Goal of the exercise
Leave the pictures aside. Retype exactly the lines from the top of the data below through the one holding "跟單車爭道的遊覽車隊, 不過".

═════ Dataset content ═════

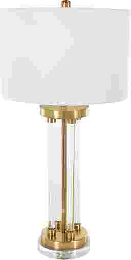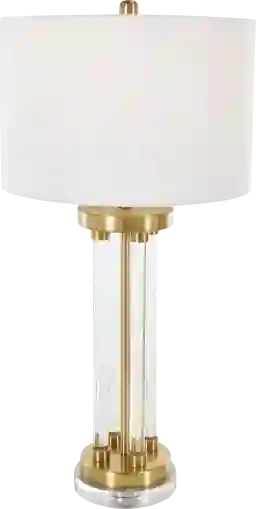 Indulge in the glamorous luxury of plush textures, dazzling details, and sleek finishes to elevate your home and add a sophisticated flair with the Camdon Gold Lamp. Made from high-quality crystal, metal, plastic, and linen, this table lamp is not only beautiful but also durable. It boasts a clear crystal rods design on stunning polished gold and silver base topped off with a white drum shade. With its unique rods design and gold and silver base, this lamp serves as a striking decorative piece in any setting. Partial assembly may be required.
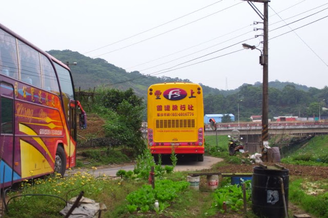 跟單車爭道的遊覽車隊, 不過倒是很敬佩這些駕駛竟然連這種地方都能把車子塞進來...
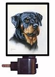 This is a very nice Rottwieler night light with an image by Judy Gibson. This image truly does light up beautifully when lit and is perfect for any room in the house. This light makes a very unique gift and perfect as a stocking stuffer, office gift, or grab bag gift. Photographic image is printed in the USA using high quality inks and is very colorful. **PLEASE NOTE** Unlike cheaper night lights, the light bulb on these decorative lights are fully enclosed! No more seeing an exposed bulb when looking at the night light from the side. You'll love the richness of the light as it provides you with both safety and improved visual attractiveness. This is an extremely well built and solid unit! Unlike cheaper models, this bulb is FULLY ENCLOSED for safety and visual attractiveness. Plug can be rotated to accommodate outlets in any direction. Glass front for vivid visual display. Additional replacement bulb is included with each light (7 watt "night light" bulb). Unit is fully U/L approved.

═════

Exercise solution
 Indulge in the glamorous luxury of plush textures, dazzling details, and sleek finishes to elevate your home and add a sophisticated flair with the Camdon Gold Lamp. Made from high-quality crystal, metal, plastic, and linen, this table lamp is not only beautiful but also durable. It boasts a clear crystal rods design on stunning polished gold and silver base topped off with a white drum shade. With its unique rods design and gold and silver base, this lamp serves as a striking decorative piece in any setting. Partial assembly may be required.
 跟單車爭道的遊覽車隊, 不過倒是很敬佩這些駕駛竟然連這種地方都能把車子塞進來...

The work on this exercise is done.